Difficulty in finding a spouse is the same in all western countries. Many threads here have shown it. In days when parents arranged marriages for their children it was a different matter. But for "youth", left to their own devices to find a spouse, find it very difficult.
I do not see anything wrong with the concept of youth camps. It is a good way to bring young people together on a social level and is not a bad thing
per se. They are mixing with fellow Catholics which is a good way to find a Catholic spouse.
Your use of the word partner is a bit confusing to me. What do you mean by partner? In my country that word has come to mean a de-facto marriage. I presume, or at least hope, that by partner you mean a suitor. It sounds a bit like you are going on hearsay, although it also sounds that there is reason for concern.
Was this camp run in the name of SSPX or was it organised entirely independently as in young people getting together of their own accord?
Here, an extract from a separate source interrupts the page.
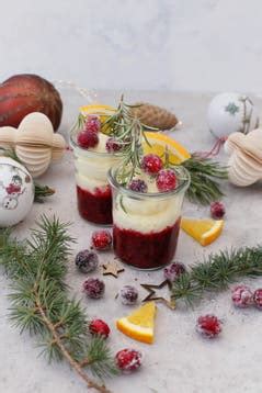 - In Gläser die Beeren füllen und die Creme darauf verteilen. Mit Rosmarin, Cranberrys, Orangen dekorieren.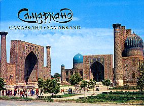 かつてのチムール帝国の首都で、寺院の丸屋根を飾る青いタイルの色から「青の都」とよばれるとか。 (左:1990年発行,右:発行年不詳)

I wonder also how you define "youth".
One could decide on a marriage partner over the time span of a weekend. Though I was not "youth" when I met my spouse, I decided he was the man for me on our first meeting on one evening. This was confirmed over our <3 months courtship, and 35 years later I still think I made a good decision.
But the fact that "t
his young lady (had) a partner of many years" is a bad thing. If you can't decide in a short while whether or not marriage is going to eventuate, she seems to be not a good person to be organising a "youth" camp. Long relationships like this are rarely advisable.